START Record extracts

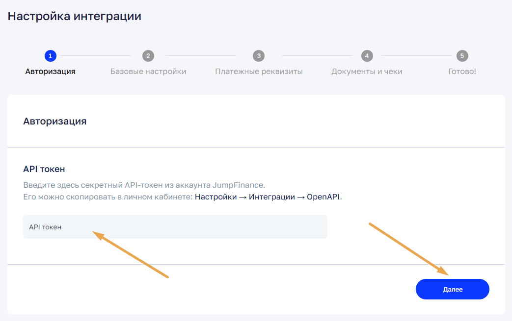 Для запуска интеграции с Jump.Finance потребуется:
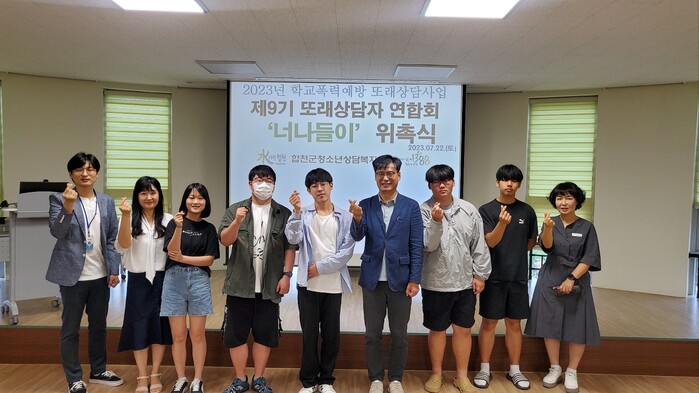 문동구 합천군청소년상담복지센터장은 “청소년 고민상담자 1순위인 또래가 먼저 다가가 도움의 손길을 준다면 학교폭력예방에 가장 큰 힘이 될 것이고, 나 혼자가 아니라 함께 해결하는 분위기를 조성해 청소년들이 폭력없이 건강하게 성장할 수 있도록 적극 노력해줄 것”을 당부했다.
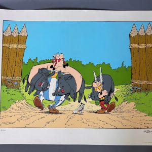 Uderzo – Asterix et Obelix – Sérigraphie retour de chasse – Signée – Equinoxe – (1997)
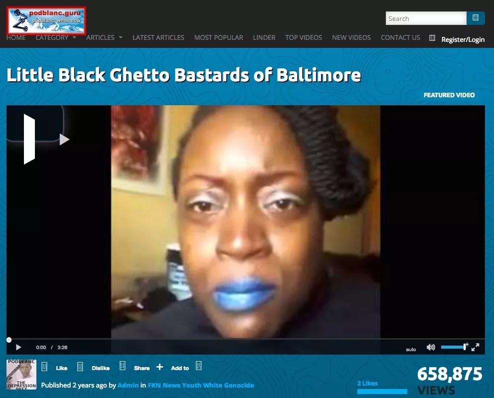 Upon publication by Podblanc, “Little Black Ghetto Bastards of Baltimore” was disseminated throughout white-supremacist circles on the Internet, becoming Podblanc’s most popular video.
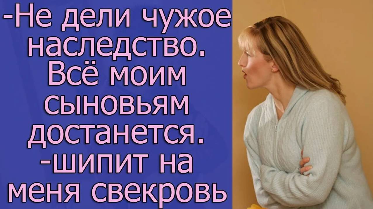 — Не дели чужое наследство. Всё моим сыновьям достанется. — шипит на меня свекровь.
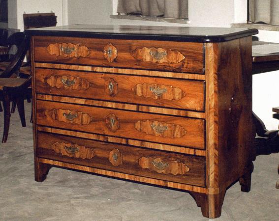 Il cassettone fu costruito nel basso piemonte nel XVIII secolo in legno noce con applicate "formelle" di ulivo sui cassetti e lastronature di noce sulle traversine e sui montanti.
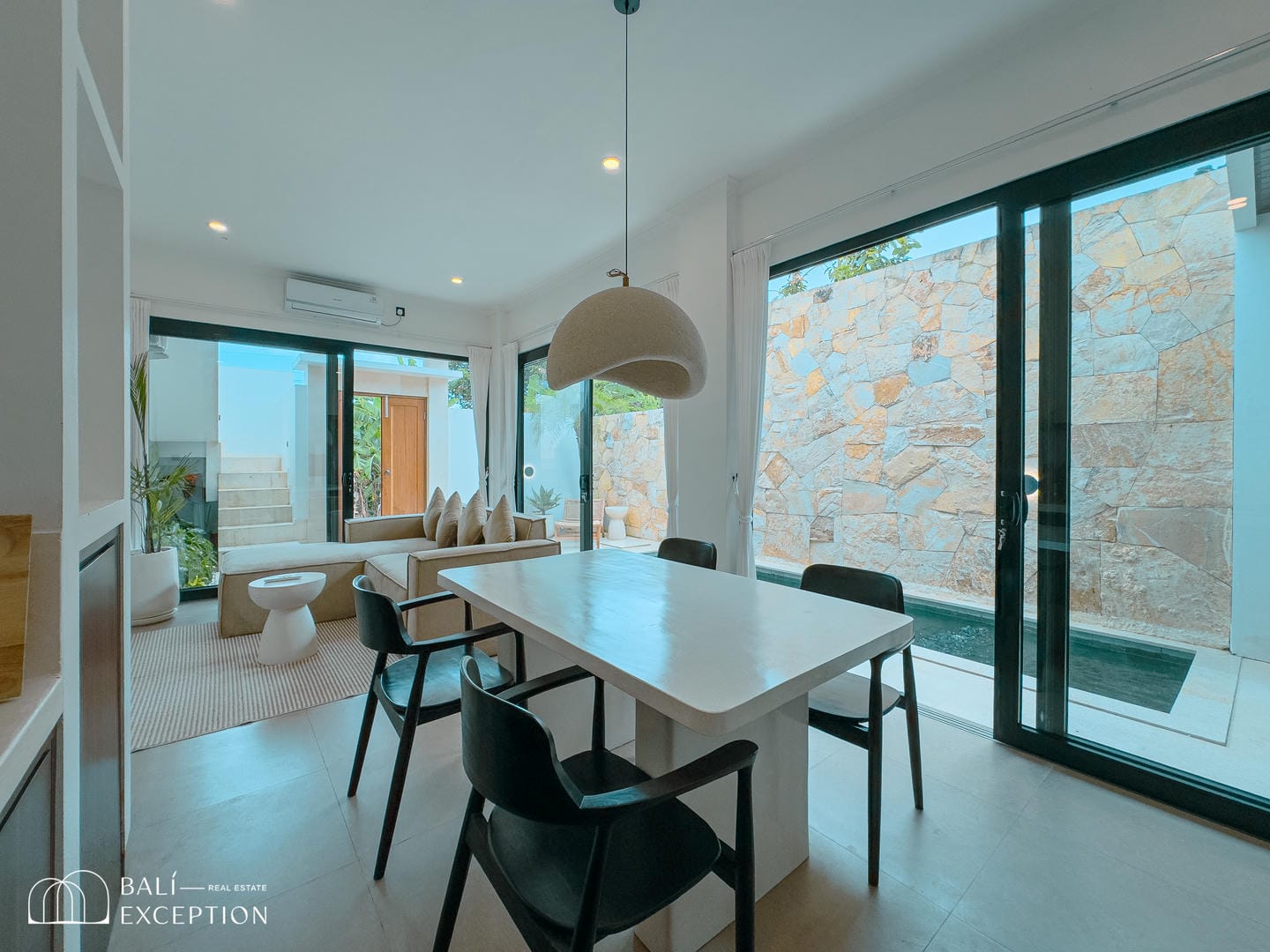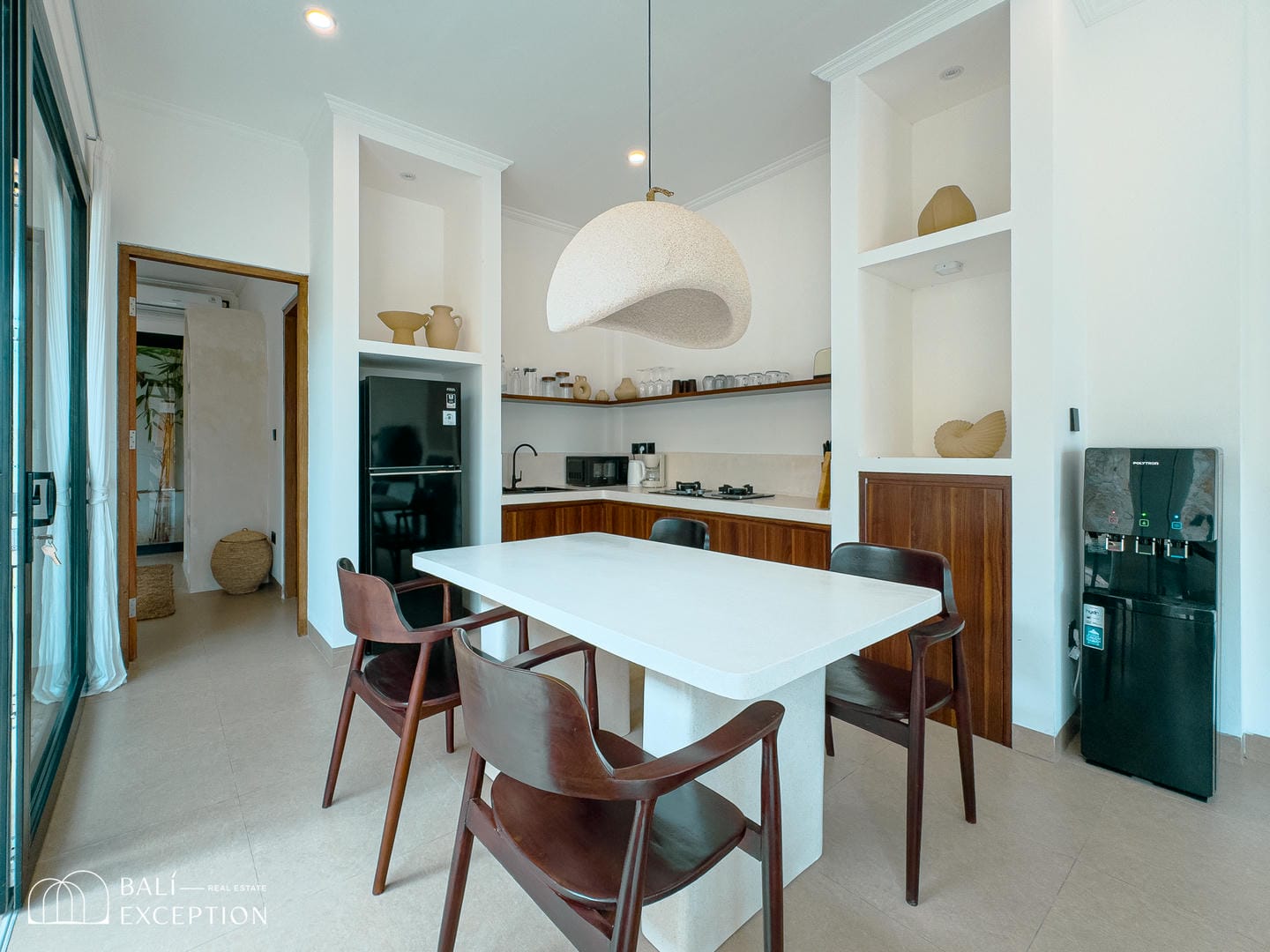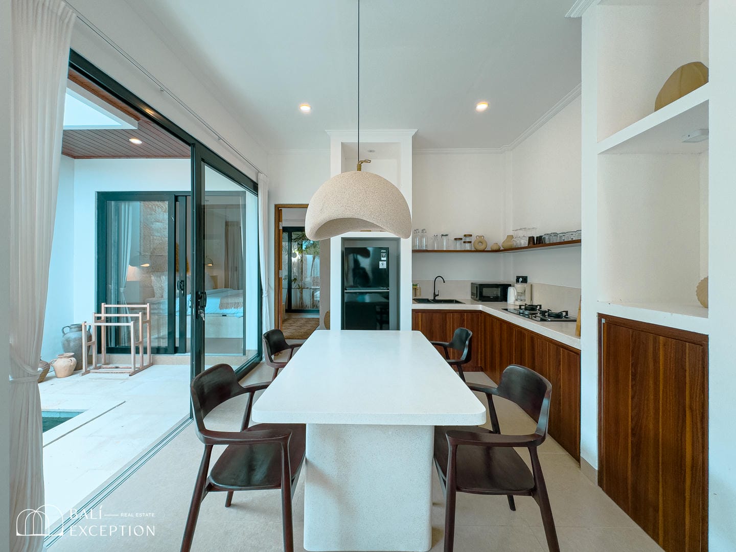 The villa features one spacious bedroom with an ensuite bathroom, including an outdoor-style shower that enhances the tropical living experience. Fully furnished and thoughtfully designed, the interiors combine modern tropical elements with warm finishes. The open living and dining area flows seamlessly into the kitchen.

END Record extracts

- What you are asked to do -
Would you please repeat the lines above exactly, from the first line of the listing through the line holding "고민상담자 1순위인 또래가", with nothing added and no pictures?

- Result -
 Для запуска интеграции с Jump.Finance потребуется:
 문동구 합천군청소년상담복지센터장은 “청소년 고민상담자 1순위인 또래가 먼저 다가가 도움의 손길을 준다면 학교폭력예방에 가장 큰 힘이 될 것이고, 나 혼자가 아니라 함께 해결하는 분위기를 조성해 청소년들이 폭력없이 건강하게 성장할 수 있도록 적극 노력해줄 것”을 당부했다.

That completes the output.